(Stored items)
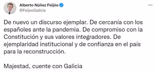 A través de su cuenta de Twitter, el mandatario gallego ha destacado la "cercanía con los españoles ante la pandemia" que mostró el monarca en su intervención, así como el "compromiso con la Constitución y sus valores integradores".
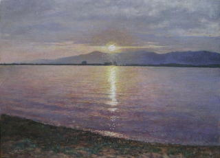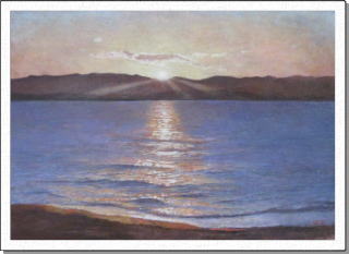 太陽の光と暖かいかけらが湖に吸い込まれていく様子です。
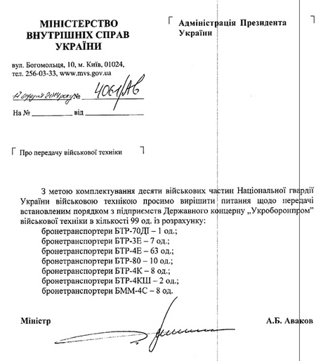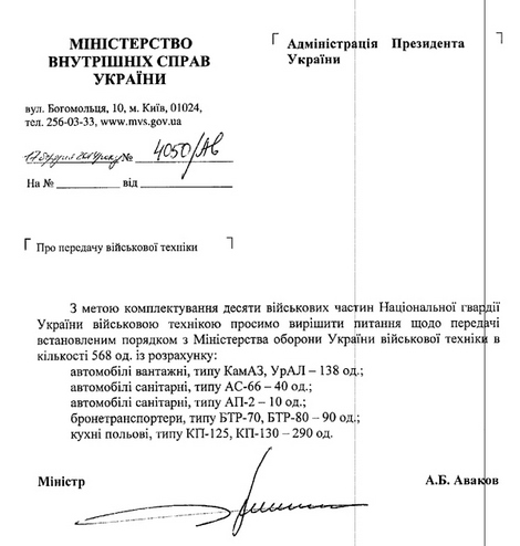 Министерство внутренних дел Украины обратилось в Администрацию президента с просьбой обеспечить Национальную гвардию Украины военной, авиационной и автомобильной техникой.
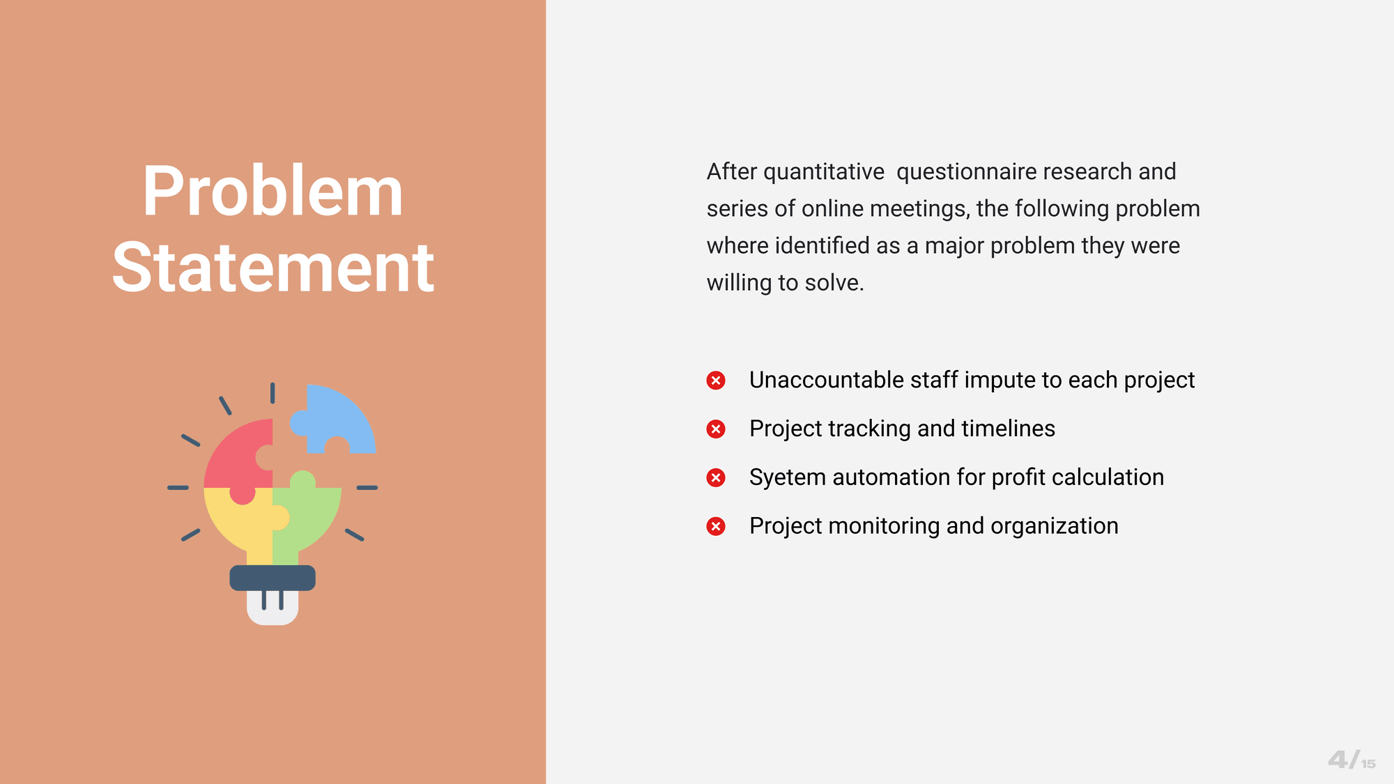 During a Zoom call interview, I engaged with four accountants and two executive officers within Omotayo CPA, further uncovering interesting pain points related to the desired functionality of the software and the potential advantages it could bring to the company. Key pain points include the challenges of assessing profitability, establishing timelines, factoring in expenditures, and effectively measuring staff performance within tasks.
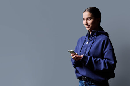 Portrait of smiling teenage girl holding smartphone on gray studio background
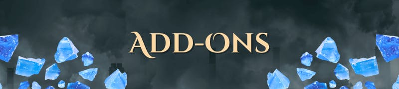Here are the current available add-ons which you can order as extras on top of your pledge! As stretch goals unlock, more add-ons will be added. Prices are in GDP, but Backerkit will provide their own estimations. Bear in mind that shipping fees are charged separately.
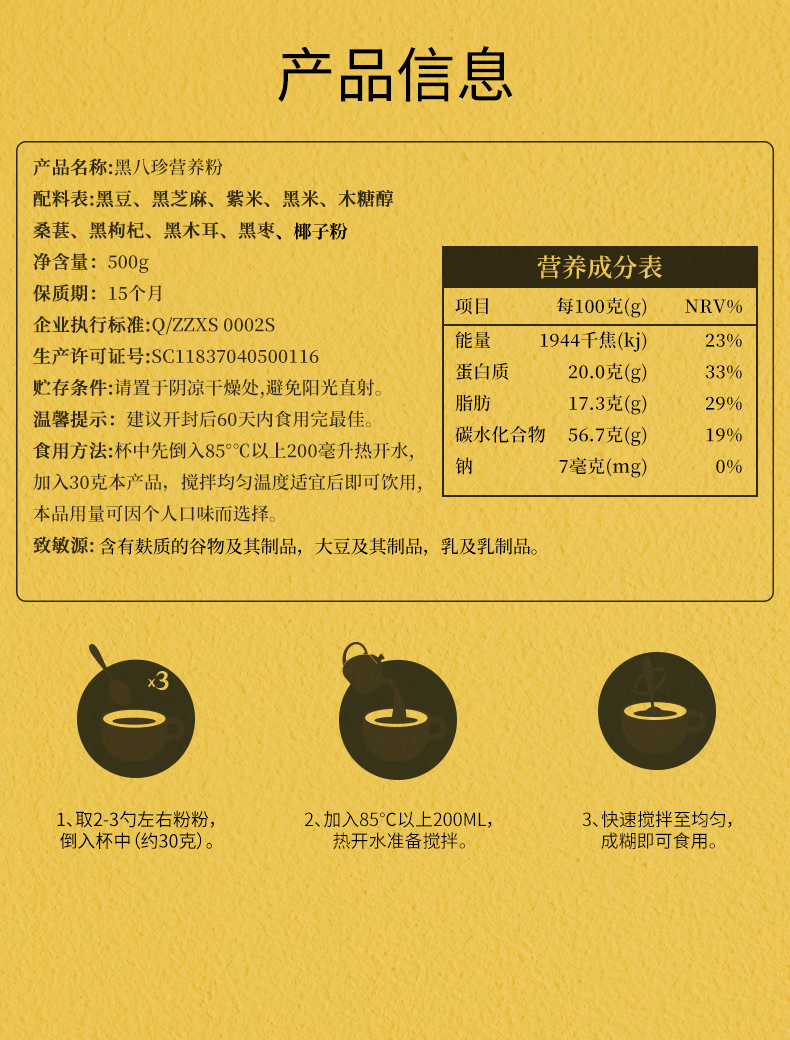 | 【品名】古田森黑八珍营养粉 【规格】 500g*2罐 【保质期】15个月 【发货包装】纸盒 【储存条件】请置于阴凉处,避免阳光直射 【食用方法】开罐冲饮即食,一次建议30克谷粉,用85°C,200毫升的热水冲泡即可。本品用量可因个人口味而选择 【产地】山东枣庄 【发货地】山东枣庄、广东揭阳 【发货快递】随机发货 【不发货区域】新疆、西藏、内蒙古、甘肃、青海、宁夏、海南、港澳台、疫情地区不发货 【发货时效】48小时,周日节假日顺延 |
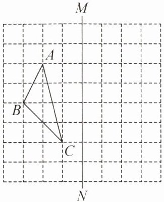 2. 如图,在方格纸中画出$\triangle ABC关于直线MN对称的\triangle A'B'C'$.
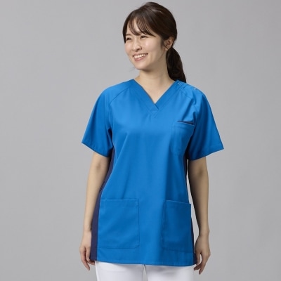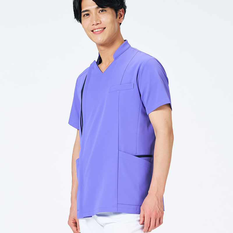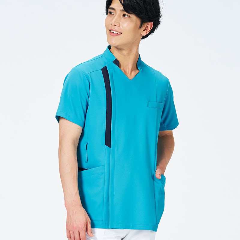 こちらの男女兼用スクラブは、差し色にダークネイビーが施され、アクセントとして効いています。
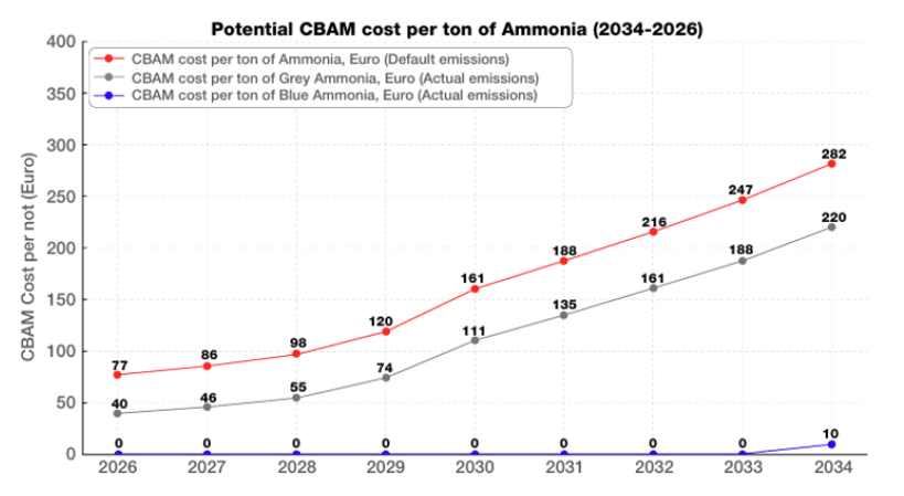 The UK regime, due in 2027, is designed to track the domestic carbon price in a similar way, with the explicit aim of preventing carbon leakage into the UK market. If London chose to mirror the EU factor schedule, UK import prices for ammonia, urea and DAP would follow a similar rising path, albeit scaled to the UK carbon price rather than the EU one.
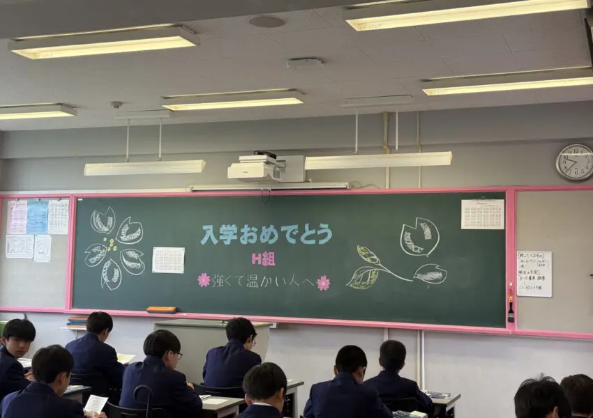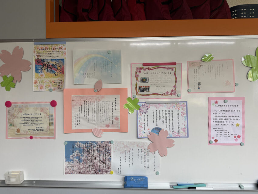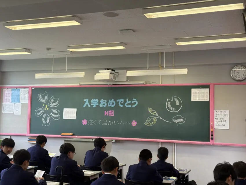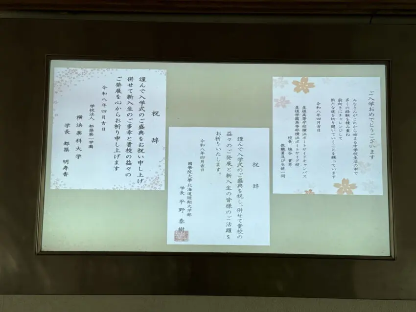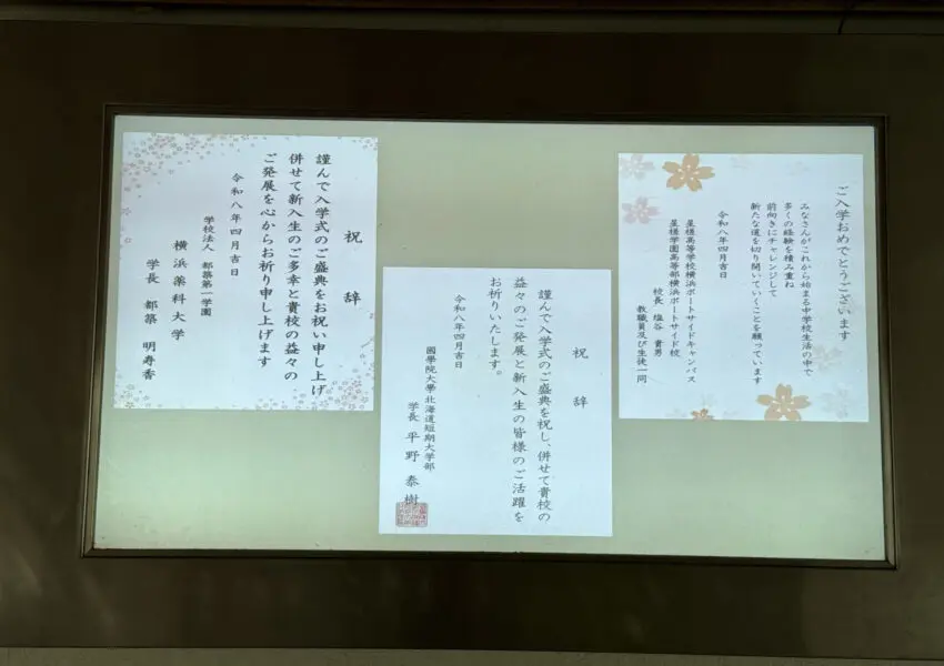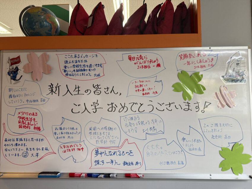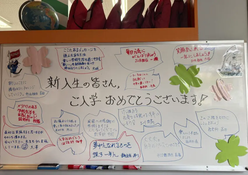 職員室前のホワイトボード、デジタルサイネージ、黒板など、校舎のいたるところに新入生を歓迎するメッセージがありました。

-- WHAT TO WORK ON --
Please give back exactly the lines from the first line of the records above through the line containing "こちらの男女兼用スクラブは、", only those and both included, with the pictures removed.

-- EXERCISE OUTPUT --
 A través de su cuenta de Twitter, el mandatario gallego ha destacado la "cercanía con los españoles ante la pandemia" que mostró el monarca en su intervención, así como el "compromiso con la Constitución y sus valores integradores".
 太陽の光と暖かいかけらが湖に吸い込まれていく様子です。
 Министерство внутренних дел Украины обратилось в Администрацию президента с просьбой обеспечить Национальную гвардию Украины военной, авиационной и автомобильной техникой.
 During a Zoom call interview, I engaged with four accountants and two executive officers within Omotayo CPA, further uncovering interesting pain points related to the desired functionality of the software and the potential advantages it could bring to the company. Key pain points include the challenges of assessing profitability, establishing timelines, factoring in expenditures, and effectively measuring staff performance within tasks.
 Portrait of smiling teenage girl holding smartphone on gray studio background
Here are the current available add-ons which you can order as extras on top of your pledge! As stretch goals unlock, more add-ons will be added. Prices are in GDP, but Backerkit will provide their own estimations. Bear in mind that shipping fees are charged separately.
 | 【品名】古田森黑八珍营养粉 【规格】 500g*2罐 【保质期】15个月 【发货包装】纸盒 【储存条件】请置于阴凉处,避免阳光直射 【食用方法】开罐冲饮即食,一次建议30克谷粉,用85°C,200毫升的热水冲泡即可。本品用量可因个人口味而选择 【产地】山东枣庄 【发货地】山东枣庄、广东揭阳 【发货快递】随机发货 【不发货区域】新疆、西藏、内蒙古、甘肃、青海、宁夏、海南、港澳台、疫情地区不发货 【发货时效】48小时,周日节假日顺延 |
 2. 如图,在方格纸中画出$\triangle ABC关于直线MN对称的\triangle A'B'C'$.
 こちらの男女兼用スクラブは、差し色にダークネイビーが施され、アクセントとして効いています。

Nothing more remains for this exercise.